━━━━━ EXERCISE INPUT

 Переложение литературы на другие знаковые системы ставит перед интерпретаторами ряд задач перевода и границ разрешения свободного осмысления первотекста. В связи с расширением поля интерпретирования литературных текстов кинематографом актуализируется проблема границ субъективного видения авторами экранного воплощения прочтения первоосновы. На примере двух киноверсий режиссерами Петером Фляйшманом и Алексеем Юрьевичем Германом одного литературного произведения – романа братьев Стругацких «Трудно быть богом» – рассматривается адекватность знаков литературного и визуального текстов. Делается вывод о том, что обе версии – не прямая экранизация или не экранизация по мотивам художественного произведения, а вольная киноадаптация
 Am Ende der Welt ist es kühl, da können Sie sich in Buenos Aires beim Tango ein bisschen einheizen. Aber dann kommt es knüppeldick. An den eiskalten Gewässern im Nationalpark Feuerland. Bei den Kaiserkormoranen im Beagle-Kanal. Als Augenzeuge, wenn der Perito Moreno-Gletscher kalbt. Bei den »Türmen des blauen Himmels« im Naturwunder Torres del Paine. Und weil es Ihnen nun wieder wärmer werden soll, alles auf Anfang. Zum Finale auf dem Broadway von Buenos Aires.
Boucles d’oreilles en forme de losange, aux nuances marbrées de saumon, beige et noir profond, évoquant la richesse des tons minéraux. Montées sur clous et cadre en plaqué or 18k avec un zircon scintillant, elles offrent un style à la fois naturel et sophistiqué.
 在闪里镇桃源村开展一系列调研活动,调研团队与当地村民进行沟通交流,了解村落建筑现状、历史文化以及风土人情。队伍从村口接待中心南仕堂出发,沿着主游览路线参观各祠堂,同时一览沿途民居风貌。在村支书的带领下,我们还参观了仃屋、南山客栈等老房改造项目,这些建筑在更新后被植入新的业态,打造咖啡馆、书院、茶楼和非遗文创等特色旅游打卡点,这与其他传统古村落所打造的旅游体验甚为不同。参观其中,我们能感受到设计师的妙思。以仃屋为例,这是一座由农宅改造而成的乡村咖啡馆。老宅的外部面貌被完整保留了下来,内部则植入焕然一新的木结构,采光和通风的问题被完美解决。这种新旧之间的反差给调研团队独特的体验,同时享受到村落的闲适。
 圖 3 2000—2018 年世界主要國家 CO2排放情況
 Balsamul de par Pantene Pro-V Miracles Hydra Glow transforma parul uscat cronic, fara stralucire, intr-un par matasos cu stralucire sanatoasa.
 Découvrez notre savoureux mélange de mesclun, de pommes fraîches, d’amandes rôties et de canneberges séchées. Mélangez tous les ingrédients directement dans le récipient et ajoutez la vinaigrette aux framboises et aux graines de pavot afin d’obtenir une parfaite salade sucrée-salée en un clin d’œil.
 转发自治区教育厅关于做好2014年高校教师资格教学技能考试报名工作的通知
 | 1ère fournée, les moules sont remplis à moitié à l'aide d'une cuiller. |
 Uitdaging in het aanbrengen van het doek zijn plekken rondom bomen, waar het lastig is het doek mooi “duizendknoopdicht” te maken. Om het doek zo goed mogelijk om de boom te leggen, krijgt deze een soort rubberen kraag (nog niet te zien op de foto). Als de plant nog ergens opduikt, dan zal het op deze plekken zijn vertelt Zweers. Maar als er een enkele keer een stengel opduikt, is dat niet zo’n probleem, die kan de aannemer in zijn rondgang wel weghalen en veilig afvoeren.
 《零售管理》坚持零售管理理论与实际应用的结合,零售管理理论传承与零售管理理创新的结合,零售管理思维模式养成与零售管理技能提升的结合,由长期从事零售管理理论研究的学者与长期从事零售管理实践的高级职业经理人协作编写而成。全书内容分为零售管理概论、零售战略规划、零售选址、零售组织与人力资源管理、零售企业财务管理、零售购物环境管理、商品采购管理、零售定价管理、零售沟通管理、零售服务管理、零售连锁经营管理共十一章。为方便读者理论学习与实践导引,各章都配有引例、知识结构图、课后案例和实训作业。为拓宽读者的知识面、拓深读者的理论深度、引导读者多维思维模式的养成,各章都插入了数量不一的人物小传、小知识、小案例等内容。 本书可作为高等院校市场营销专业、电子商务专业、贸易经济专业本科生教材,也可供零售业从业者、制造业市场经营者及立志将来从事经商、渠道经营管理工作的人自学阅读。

━━━━━━━━━━

◆ TASK INSTRUCTIONS: Print again the lines of the entries above that fall between the line holding "Boucles d’oreilles en" and the line holding "圖 3 2000—2018 年世界主要國家 CO2排放情況", inclusive, exactly as they stand.

◆ SOLUTION TO THIS TASK:
Boucles d’oreilles en forme de losange, aux nuances marbrées de saumon, beige et noir profond, évoquant la richesse des tons minéraux. Montées sur clous et cadre en plaqué or 18k avec un zircon scintillant, elles offrent un style à la fois naturel et sophistiqué.
 在闪里镇桃源村开展一系列调研活动,调研团队与当地村民进行沟通交流,了解村落建筑现状、历史文化以及风土人情。队伍从村口接待中心南仕堂出发,沿着主游览路线参观各祠堂,同时一览沿途民居风貌。在村支书的带领下,我们还参观了仃屋、南山客栈等老房改造项目,这些建筑在更新后被植入新的业态,打造咖啡馆、书院、茶楼和非遗文创等特色旅游打卡点,这与其他传统古村落所打造的旅游体验甚为不同。参观其中,我们能感受到设计师的妙思。以仃屋为例,这是一座由农宅改造而成的乡村咖啡馆。老宅的外部面貌被完整保留了下来,内部则植入焕然一新的木结构,采光和通风的问题被完美解决。这种新旧之间的反差给调研团队独特的体验,同时享受到村落的闲适。
 圖 3 2000—2018 年世界主要國家 CO2排放情況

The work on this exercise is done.